▸ **DATA SUPPLIED**
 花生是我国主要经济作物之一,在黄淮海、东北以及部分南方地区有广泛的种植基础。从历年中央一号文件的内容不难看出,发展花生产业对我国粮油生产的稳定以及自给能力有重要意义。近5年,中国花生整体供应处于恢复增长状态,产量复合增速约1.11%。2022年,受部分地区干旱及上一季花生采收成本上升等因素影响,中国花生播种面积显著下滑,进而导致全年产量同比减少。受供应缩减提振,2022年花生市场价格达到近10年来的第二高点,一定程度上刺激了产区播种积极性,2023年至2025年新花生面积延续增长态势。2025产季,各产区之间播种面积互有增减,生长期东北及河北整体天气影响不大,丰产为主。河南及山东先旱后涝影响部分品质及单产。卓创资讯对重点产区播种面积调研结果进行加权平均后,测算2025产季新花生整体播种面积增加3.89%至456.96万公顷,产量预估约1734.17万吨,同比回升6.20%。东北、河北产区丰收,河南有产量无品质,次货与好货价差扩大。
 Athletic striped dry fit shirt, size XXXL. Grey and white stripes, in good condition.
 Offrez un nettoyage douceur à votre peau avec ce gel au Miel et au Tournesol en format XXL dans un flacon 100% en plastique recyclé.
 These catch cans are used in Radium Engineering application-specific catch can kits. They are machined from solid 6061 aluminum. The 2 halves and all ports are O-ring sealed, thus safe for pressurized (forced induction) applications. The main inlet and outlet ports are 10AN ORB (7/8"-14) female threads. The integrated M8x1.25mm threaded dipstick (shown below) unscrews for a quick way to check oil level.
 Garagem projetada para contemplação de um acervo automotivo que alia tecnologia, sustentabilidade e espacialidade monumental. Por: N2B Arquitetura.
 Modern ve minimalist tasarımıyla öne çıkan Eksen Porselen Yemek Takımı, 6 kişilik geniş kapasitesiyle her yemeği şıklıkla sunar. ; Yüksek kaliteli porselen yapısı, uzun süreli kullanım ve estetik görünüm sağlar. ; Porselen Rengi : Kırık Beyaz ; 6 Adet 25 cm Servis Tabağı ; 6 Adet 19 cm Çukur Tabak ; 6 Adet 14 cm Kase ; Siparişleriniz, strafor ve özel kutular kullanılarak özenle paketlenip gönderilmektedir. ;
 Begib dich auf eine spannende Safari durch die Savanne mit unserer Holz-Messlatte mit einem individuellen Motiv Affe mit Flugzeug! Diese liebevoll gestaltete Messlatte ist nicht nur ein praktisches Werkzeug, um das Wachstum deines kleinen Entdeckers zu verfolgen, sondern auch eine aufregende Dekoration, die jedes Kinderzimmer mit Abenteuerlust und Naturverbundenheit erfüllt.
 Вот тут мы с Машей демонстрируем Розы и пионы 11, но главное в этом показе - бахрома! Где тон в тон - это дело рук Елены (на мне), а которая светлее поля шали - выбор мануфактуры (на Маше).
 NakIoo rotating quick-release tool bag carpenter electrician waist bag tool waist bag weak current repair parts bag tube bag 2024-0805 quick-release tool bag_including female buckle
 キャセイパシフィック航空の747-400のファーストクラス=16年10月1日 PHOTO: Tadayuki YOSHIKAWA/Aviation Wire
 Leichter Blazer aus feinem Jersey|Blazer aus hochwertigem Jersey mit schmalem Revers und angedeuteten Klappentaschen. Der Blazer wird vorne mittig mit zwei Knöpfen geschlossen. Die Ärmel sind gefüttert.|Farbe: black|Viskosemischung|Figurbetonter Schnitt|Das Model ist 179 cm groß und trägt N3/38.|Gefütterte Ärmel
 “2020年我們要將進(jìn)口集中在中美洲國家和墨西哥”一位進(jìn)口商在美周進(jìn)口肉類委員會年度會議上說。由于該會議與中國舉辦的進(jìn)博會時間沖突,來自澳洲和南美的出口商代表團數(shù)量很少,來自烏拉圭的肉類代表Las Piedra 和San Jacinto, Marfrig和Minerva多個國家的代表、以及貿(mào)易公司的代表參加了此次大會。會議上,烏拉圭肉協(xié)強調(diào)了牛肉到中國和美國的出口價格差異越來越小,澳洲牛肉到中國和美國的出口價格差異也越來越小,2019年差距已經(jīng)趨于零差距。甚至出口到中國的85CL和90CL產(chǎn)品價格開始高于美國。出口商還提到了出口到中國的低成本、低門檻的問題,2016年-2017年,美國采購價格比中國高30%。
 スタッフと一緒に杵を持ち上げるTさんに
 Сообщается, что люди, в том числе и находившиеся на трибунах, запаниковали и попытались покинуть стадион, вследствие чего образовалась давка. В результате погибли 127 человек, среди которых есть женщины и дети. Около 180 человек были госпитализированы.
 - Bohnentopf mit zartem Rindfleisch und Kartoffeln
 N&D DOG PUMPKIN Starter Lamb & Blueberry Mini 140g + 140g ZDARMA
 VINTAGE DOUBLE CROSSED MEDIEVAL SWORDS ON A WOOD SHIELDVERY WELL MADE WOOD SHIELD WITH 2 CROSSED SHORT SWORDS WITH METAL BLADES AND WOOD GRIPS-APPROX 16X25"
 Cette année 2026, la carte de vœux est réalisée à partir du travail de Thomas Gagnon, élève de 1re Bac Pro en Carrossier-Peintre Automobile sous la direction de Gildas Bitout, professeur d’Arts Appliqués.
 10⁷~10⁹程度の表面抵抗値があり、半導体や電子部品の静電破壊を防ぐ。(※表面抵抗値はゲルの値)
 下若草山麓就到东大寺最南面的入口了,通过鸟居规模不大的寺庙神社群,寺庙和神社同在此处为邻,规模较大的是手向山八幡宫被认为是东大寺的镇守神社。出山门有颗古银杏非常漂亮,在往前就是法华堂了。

▸ **YOUR OBJECTIVE**
Write out every entry exactly as given.

▸ **EXPECTED ANSWER**
 花生是我国主要经济作物之一,在黄淮海、东北以及部分南方地区有广泛的种植基础。从历年中央一号文件的内容不难看出,发展花生产业对我国粮油生产的稳定以及自给能力有重要意义。近5年,中国花生整体供应处于恢复增长状态,产量复合增速约1.11%。2022年,受部分地区干旱及上一季花生采收成本上升等因素影响,中国花生播种面积显著下滑,进而导致全年产量同比减少。受供应缩减提振,2022年花生市场价格达到近10年来的第二高点,一定程度上刺激了产区播种积极性,2023年至2025年新花生面积延续增长态势。2025产季,各产区之间播种面积互有增减,生长期东北及河北整体天气影响不大,丰产为主。河南及山东先旱后涝影响部分品质及单产。卓创资讯对重点产区播种面积调研结果进行加权平均后,测算2025产季新花生整体播种面积增加3.89%至456.96万公顷,产量预估约1734.17万吨,同比回升6.20%。东北、河北产区丰收,河南有产量无品质,次货与好货价差扩大。
 Athletic striped dry fit shirt, size XXXL. Grey and white stripes, in good condition.
 Offrez un nettoyage douceur à votre peau avec ce gel au Miel et au Tournesol en format XXL dans un flacon 100% en plastique recyclé.
 These catch cans are used in Radium Engineering application-specific catch can kits. They are machined from solid 6061 aluminum. The 2 halves and all ports are O-ring sealed, thus safe for pressurized (forced induction) applications. The main inlet and outlet ports are 10AN ORB (7/8"-14) female threads. The integrated M8x1.25mm threaded dipstick (shown below) unscrews for a quick way to check oil level.
 Garagem projetada para contemplação de um acervo automotivo que alia tecnologia, sustentabilidade e espacialidade monumental. Por: N2B Arquitetura.
 Modern ve minimalist tasarımıyla öne çıkan Eksen Porselen Yemek Takımı, 6 kişilik geniş kapasitesiyle her yemeği şıklıkla sunar. ; Yüksek kaliteli porselen yapısı, uzun süreli kullanım ve estetik görünüm sağlar. ; Porselen Rengi : Kırık Beyaz ; 6 Adet 25 cm Servis Tabağı ; 6 Adet 19 cm Çukur Tabak ; 6 Adet 14 cm Kase ; Siparişleriniz, strafor ve özel kutular kullanılarak özenle paketlenip gönderilmektedir. ;
 Begib dich auf eine spannende Safari durch die Savanne mit unserer Holz-Messlatte mit einem individuellen Motiv Affe mit Flugzeug! Diese liebevoll gestaltete Messlatte ist nicht nur ein praktisches Werkzeug, um das Wachstum deines kleinen Entdeckers zu verfolgen, sondern auch eine aufregende Dekoration, die jedes Kinderzimmer mit Abenteuerlust und Naturverbundenheit erfüllt.
 Вот тут мы с Машей демонстрируем Розы и пионы 11, но главное в этом показе - бахрома! Где тон в тон - это дело рук Елены (на мне), а которая светлее поля шали - выбор мануфактуры (на Маше).
 NakIoo rotating quick-release tool bag carpenter electrician waist bag tool waist bag weak current repair parts bag tube bag 2024-0805 quick-release tool bag_including female buckle
 キャセイパシフィック航空の747-400のファーストクラス=16年10月1日 PHOTO: Tadayuki YOSHIKAWA/Aviation Wire
 Leichter Blazer aus feinem Jersey|Blazer aus hochwertigem Jersey mit schmalem Revers und angedeuteten Klappentaschen. Der Blazer wird vorne mittig mit zwei Knöpfen geschlossen. Die Ärmel sind gefüttert.|Farbe: black|Viskosemischung|Figurbetonter Schnitt|Das Model ist 179 cm groß und trägt N3/38.|Gefütterte Ärmel
 “2020年我們要將進(jìn)口集中在中美洲國家和墨西哥”一位進(jìn)口商在美周進(jìn)口肉類委員會年度會議上說。由于該會議與中國舉辦的進(jìn)博會時間沖突,來自澳洲和南美的出口商代表團數(shù)量很少,來自烏拉圭的肉類代表Las Piedra 和San Jacinto, Marfrig和Minerva多個國家的代表、以及貿(mào)易公司的代表參加了此次大會。會議上,烏拉圭肉協(xié)強調(diào)了牛肉到中國和美國的出口價格差異越來越小,澳洲牛肉到中國和美國的出口價格差異也越來越小,2019年差距已經(jīng)趨于零差距。甚至出口到中國的85CL和90CL產(chǎn)品價格開始高于美國。出口商還提到了出口到中國的低成本、低門檻的問題,2016年-2017年,美國采購價格比中國高30%。
 スタッフと一緒に杵を持ち上げるTさんに
 Сообщается, что люди, в том числе и находившиеся на трибунах, запаниковали и попытались покинуть стадион, вследствие чего образовалась давка. В результате погибли 127 человек, среди которых есть женщины и дети. Около 180 человек были госпитализированы.
 - Bohnentopf mit zartem Rindfleisch und Kartoffeln
 N&D DOG PUMPKIN Starter Lamb & Blueberry Mini 140g + 140g ZDARMA
 VINTAGE DOUBLE CROSSED MEDIEVAL SWORDS ON A WOOD SHIELDVERY WELL MADE WOOD SHIELD WITH 2 CROSSED SHORT SWORDS WITH METAL BLADES AND WOOD GRIPS-APPROX 16X25"
 Cette année 2026, la carte de vœux est réalisée à partir du travail de Thomas Gagnon, élève de 1re Bac Pro en Carrossier-Peintre Automobile sous la direction de Gildas Bitout, professeur d’Arts Appliqués.
 10⁷~10⁹程度の表面抵抗値があり、半導体や電子部品の静電破壊を防ぐ。(※表面抵抗値はゲルの値)
 下若草山麓就到东大寺最南面的入口了,通过鸟居规模不大的寺庙神社群,寺庙和神社同在此处为邻,规模较大的是手向山八幡宫被认为是东大寺的镇守神社。出山门有颗古银杏非常漂亮,在往前就是法华堂了。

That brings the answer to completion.